Amelia looked at Whit’s clear blue eyes and remembered the first time she saw him. She was camped out in her usual corner of the science and engineering library cramming for a physics exam. Her calculator clattered to the floor and she reached down to pick it up. When she looked up she saw a young man with eyes as clear as a lake. He wore a baseball cap over curly dark hair and had a day’s stubble on his chin.
“Just think,” Whit mused, eating chicken pavé with beet gnocchi, “if you stayed with medicine you’d be finishing your residency at San Francisco General. We’d eat Chinese takeout every night and you’d be living in Gap sweatpants and my Adidas T-shirts. Instead we live in different cities and you own couture gowns by Valentino and Dior.”
Amelia’s stomach clenched and her throat closed up. She remembered when Whit received his first round of funding. It was a year after graduation and they lived in a studio apartment in Santa Monica. Amelia just finished filming
Hannah’s Secret
and Whit spent his days trying to secure investors for his electric car company.
“I met with Caufield Perkins.” Whit dropped his briefcase on the coffee table. “They’re ready to write us a check.”
Amelia glanced up from a pile of scripts and saw Whit’s navy suit and white shirt and black leather shoes.

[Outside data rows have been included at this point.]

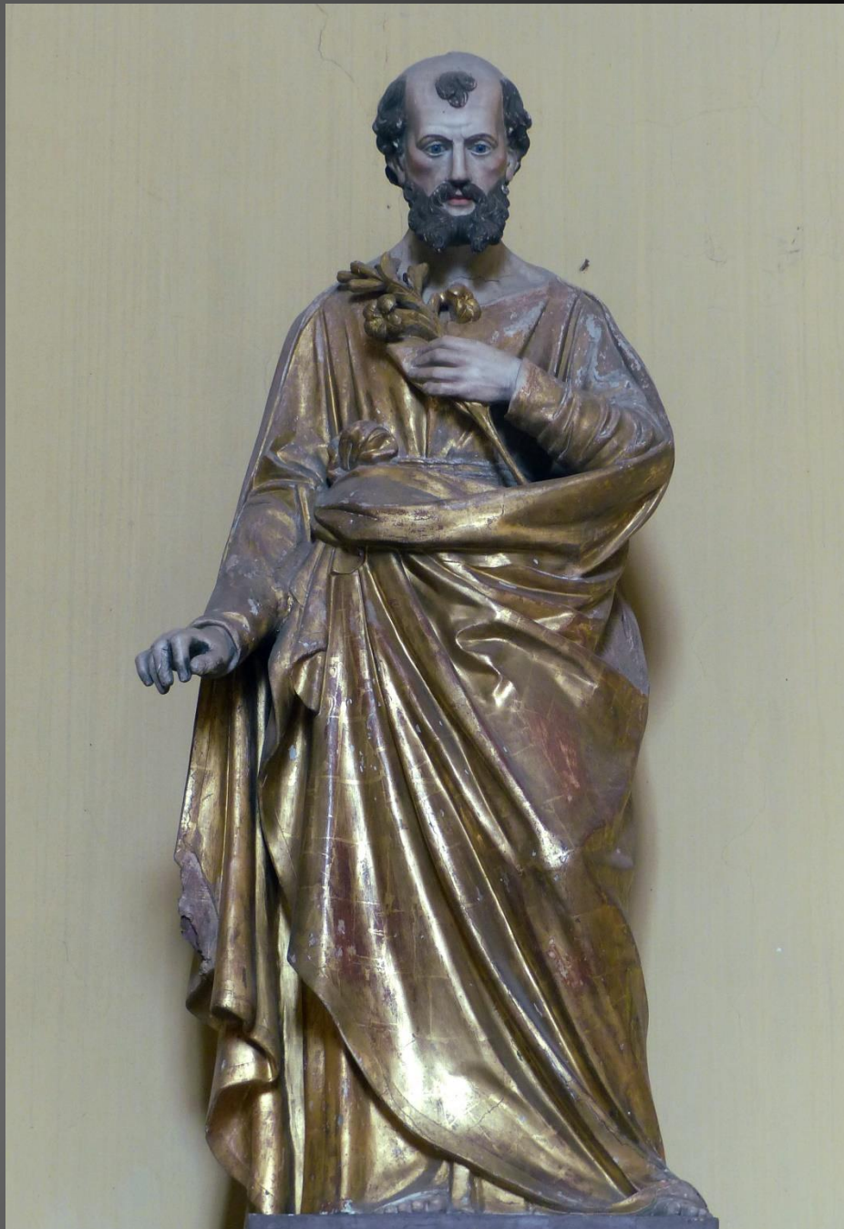
Statue de Saint Joseph, le père nourricier de Jésus.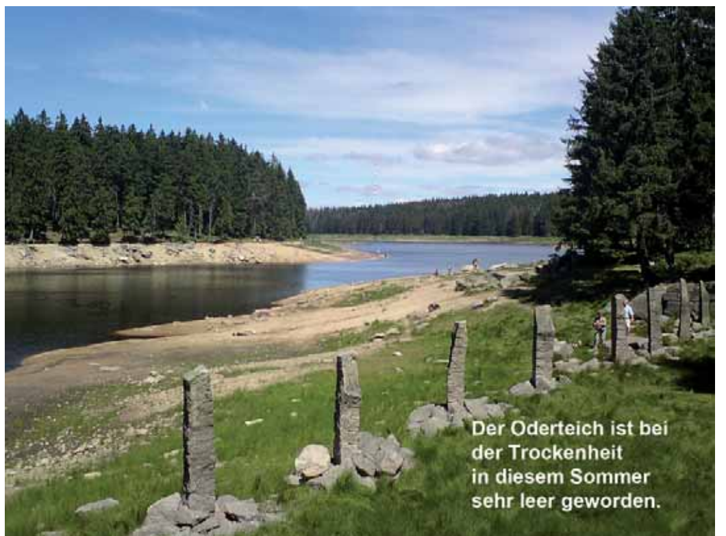
Der Oderteich ist bei der Trockenheit in diesem Sommer sehr leer geworden.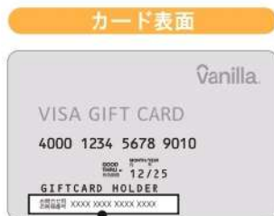
お問合せ用お客様番号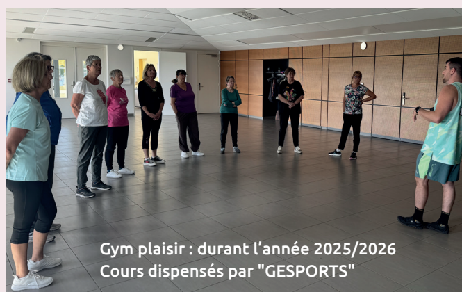
Gym plaisir : durant l'année 2025/2026 Cours dispensés par "GESPORTS"

Pour les ateliers et animations 2026 contacter la mairie ou consulter régulièrement votre application PanneauPocket.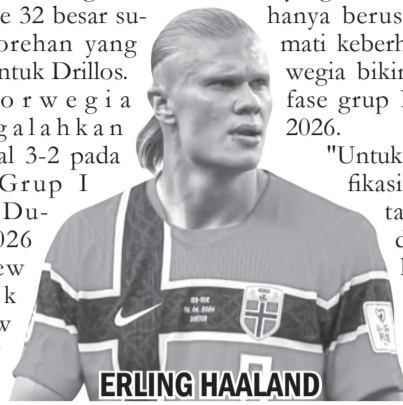
ERLING HAALAND Pemain Norwegia.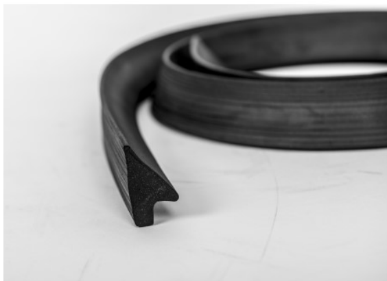
Fot. 5. Przykład uszczelki „klinowej”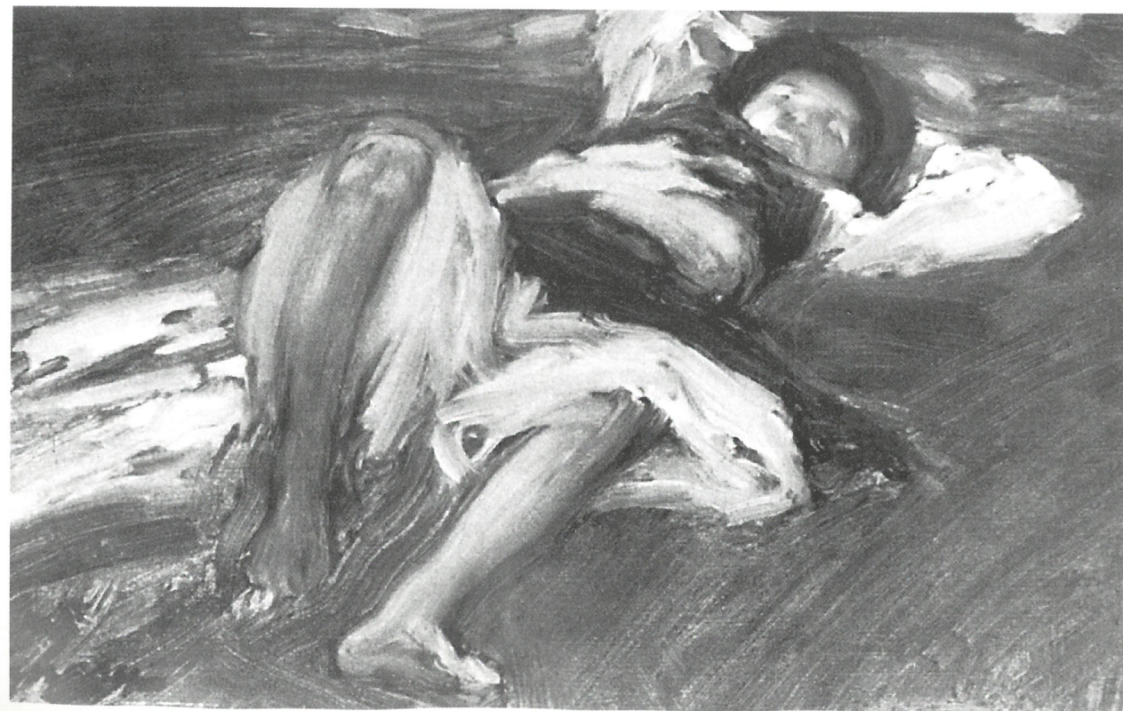
Vaszary János: Alvó parasztfiú , 1905, magántulajdon

zó kislányt ábrázol. Tavasz, fiatalság, üdeség és frissesség fogalmainak szó szerint színtiszta megnyilvánulása e festmény, mely fennen hirdeti Vaszary véleményét a festészetről és annak egyik alapvető feladatáról, a gyönyörködtetésről. Matisse pár évtizeddel korábbi szavai csendülnek vissza Vaszary kései színszimfóniájából, mely szerint: „Az én álmom egy olyan művészet, melyet egyensúly, tisztaság, nyugalom tölt be, melynek tárgya nem nyugtalanít, és sok figyelmet nem igényel, amely minden szellemileg elfoglalt egyénnek, épp úgy a kereskedőnek, mint a művésznek enyhülésül szolgál. Szóval: szellemileg megnyugtat, hasonlóan egy jó karosszékhez, mely a fizikai kimerülés számára nyújt üdülést.”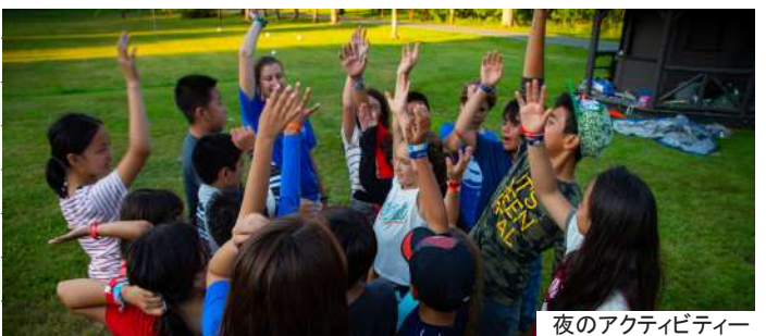
夜のアクティビティー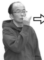
右手の親指と小指を立て、親指を鼻に付け前に出します。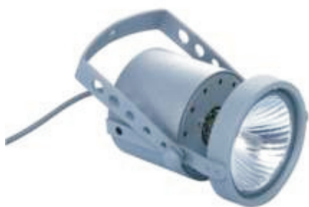
Лампа 100 watt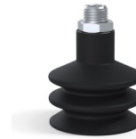
Variantenreferenz: 8B 50NI M14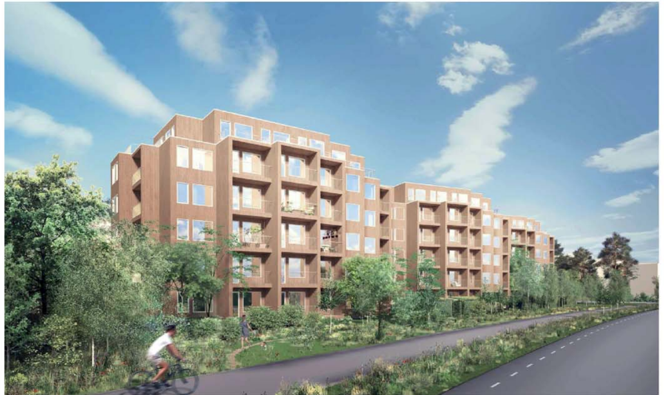
Den nya bebyggelsen sedd från sydväst på Tyresövägen

Bebyggelsen har en tydlig, unik karaktär med en oregelbunden, veckad form och djupa balkongnischer. Som kontrast till den livfulla formen har en enkelhet i material eftersträvat. Fasaderna kläs med träpanel som behandlas för att åldras vackert. Med sina fem våningar och en indragen sjätte våning ansluter de till det nya grannskapets skala. Balkonger i tre väderstreck och generösa utblickar från lägenheterna bidrar till att levandegöra gårdar och omgivande gaturum.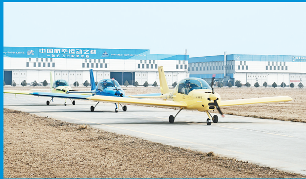
彩虹飞行表演队列队出发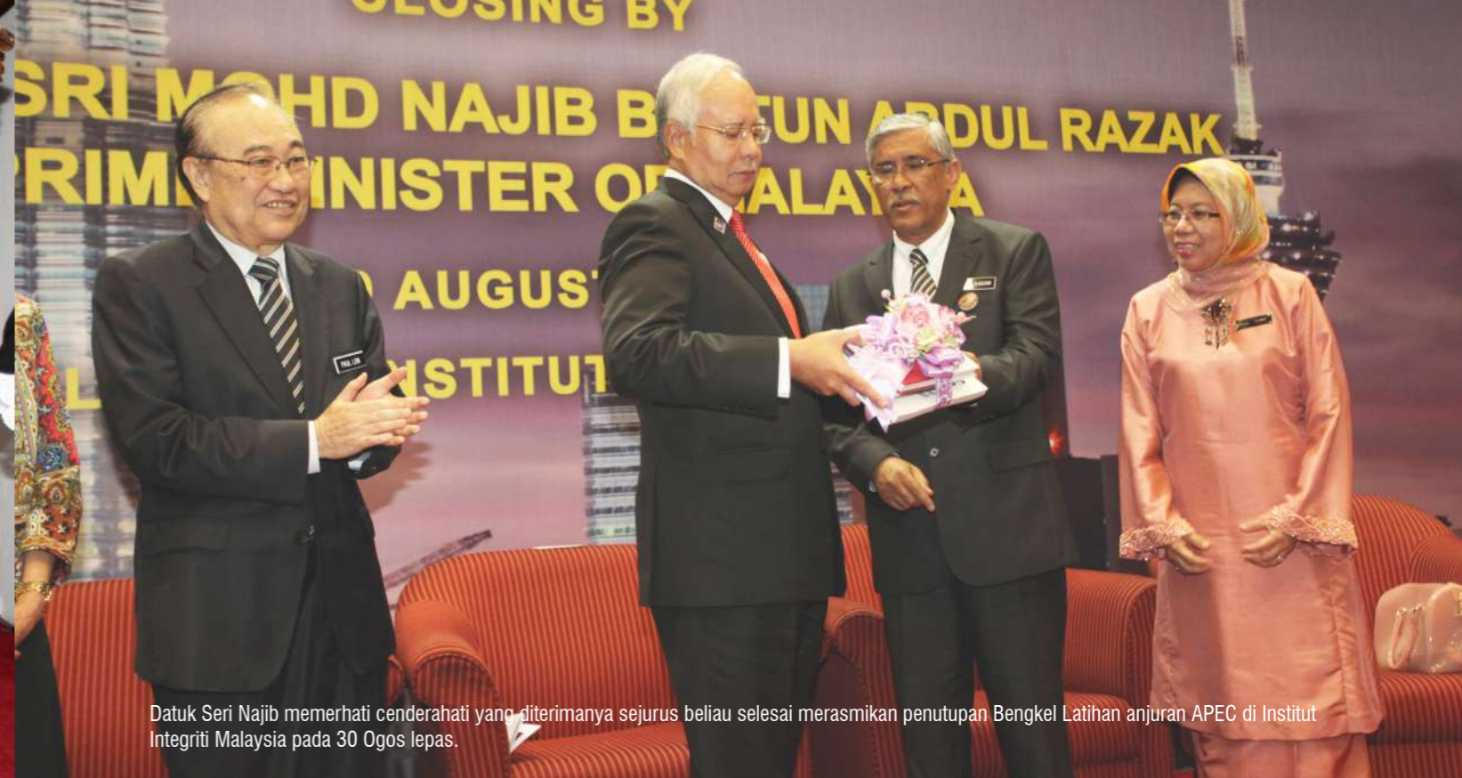
Datuk Seri Najib memerhati cenderahati yang diterimanya sejeurus beliau selesai merasmikan penutupan Bengkel Latihan anjuran APEC di Institut Integriti Malaysia pada 30 Ogos lepas.

BULETIN SURUHANJAYA PENCEGAHAN RASUAH MALAYSIA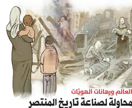
العالم ورهانات الهويات محاولة لصناعة تاريخ المنتصر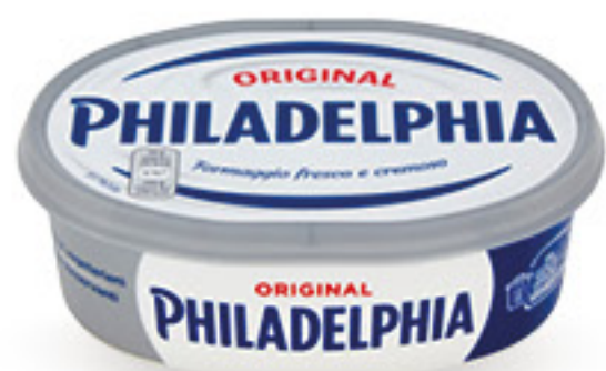
PHILADELPHIA FORMAGGIO FRESCO CLASSICO G 250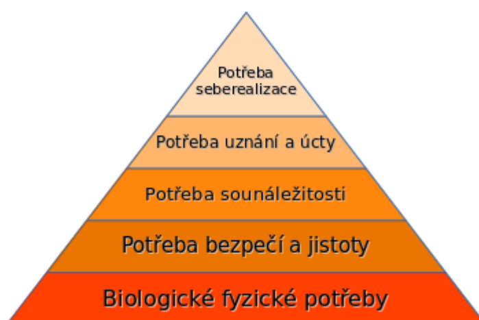
Obrázek č. 1 Maslowova pyramida potřeb

Maslowova pyramida tvoří pět pater, přičemž předpokladem pro uspokojení potřeb vyšších, je uspokojení těch na nižším stupni.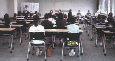
第1回開講式の様子

また、学習だけでなく、様々な体験活動にチャレンジし、「生きる力」も育ててほしいと考えます。楽しみにしてください！

She smiled, thinking she still wasn’t used to seeing him in anything except Adidas T-shirts and running shorts.
“They want us to move our operation to San Francisco,” Whit continued, loosening his tie.
“San Francisco?” Amelia raised her eyebrow.
“We looked at an industrial space in Potrero Hill, they want to keep an eye on their investment.” Whit shrugged. “We can rent an apartment on Russian Hill and eat at Italian restaurants in North Beach.”
“I’m an actress.” Amelia bit her lip. “I need to live in Hollywood.”
Whit drummed his fingers on the coffee table. “I thought after this movie you might go back to medicine.”
“Why would you think that?” Amelia asked.
“It was all just a fluke,” Whit mused. “You got it out of your system.”
“I love acting, I don’t want to give it up,” Amelia said slowly.
“We haven’t gotten any other offers,” Whit replied. “This is our one shot, I need to be in San Francisco.”
Amelia pictured a quaint apartment on Russian Hill. She saw sidewalks filled with bougainvillea and corner groceries stocked with gourmet coffees and cheeses. She imagined preparing dinners of spinach salad and stuffed ravioli and sourdough bread. She saw nights spent on the roof-deck, sipping a Kenwood Cabernet and gazing at the twinkling lights of the city.